DATASET RECORDS:
--------------------------------

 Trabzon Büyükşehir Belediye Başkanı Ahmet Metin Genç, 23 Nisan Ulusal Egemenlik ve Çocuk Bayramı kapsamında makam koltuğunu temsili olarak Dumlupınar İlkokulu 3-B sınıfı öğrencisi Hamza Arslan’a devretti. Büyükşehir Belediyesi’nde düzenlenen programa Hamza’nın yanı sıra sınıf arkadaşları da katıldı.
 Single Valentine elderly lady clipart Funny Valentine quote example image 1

--------------------------------

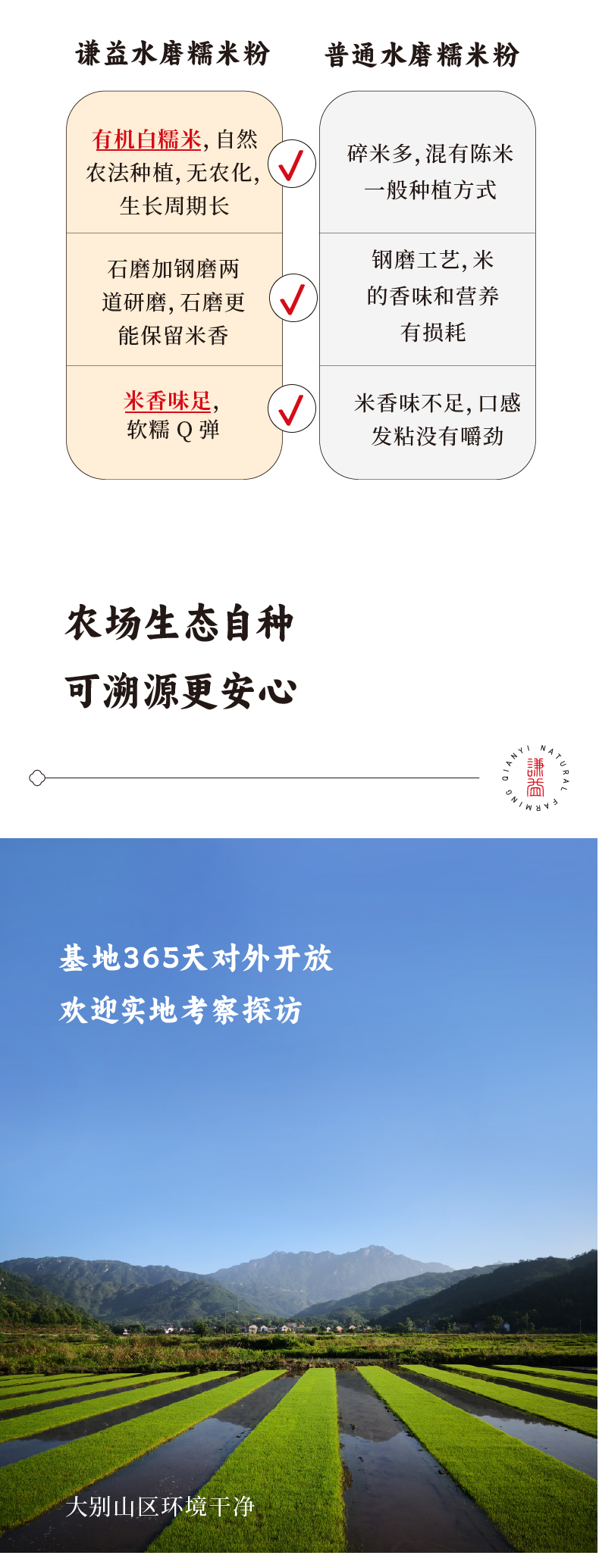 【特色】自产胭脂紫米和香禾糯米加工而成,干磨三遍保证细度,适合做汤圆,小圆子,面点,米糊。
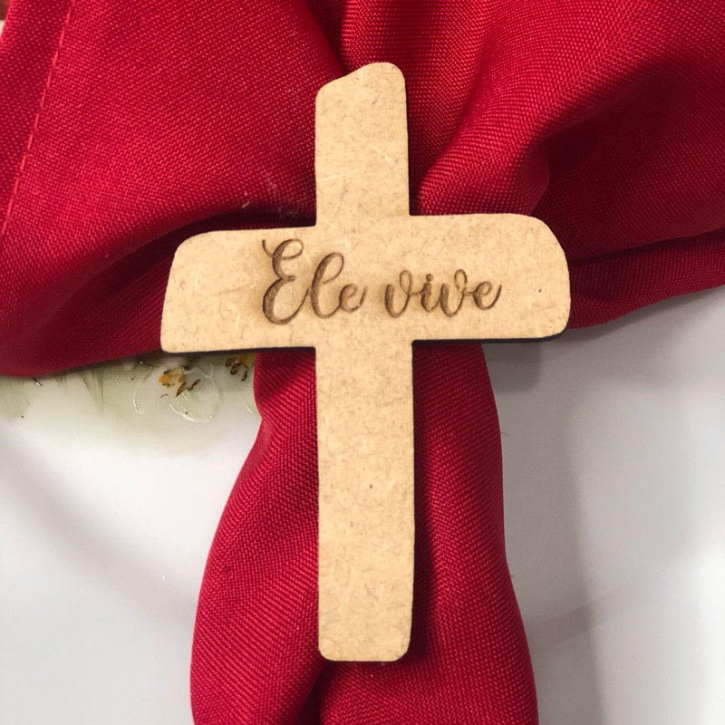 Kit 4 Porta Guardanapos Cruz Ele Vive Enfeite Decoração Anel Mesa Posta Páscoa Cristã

--------------------------------

EXERCISE DETAILS:
Could you restate word for word the lines above, from the one that contains "Trabzon Büyükşehir Belediye" through the one that contains "Single Valentine elderly", and no others?

EXERCISE SOLUTION:
 Trabzon Büyükşehir Belediye Başkanı Ahmet Metin Genç, 23 Nisan Ulusal Egemenlik ve Çocuk Bayramı kapsamında makam koltuğunu temsili olarak Dumlupınar İlkokulu 3-B sınıfı öğrencisi Hamza Arslan’a devretti. Büyükşehir Belediyesi’nde düzenlenen programa Hamza’nın yanı sıra sınıf arkadaşları da katıldı.
 Single Valentine elderly lady clipart Funny Valentine quote example image 1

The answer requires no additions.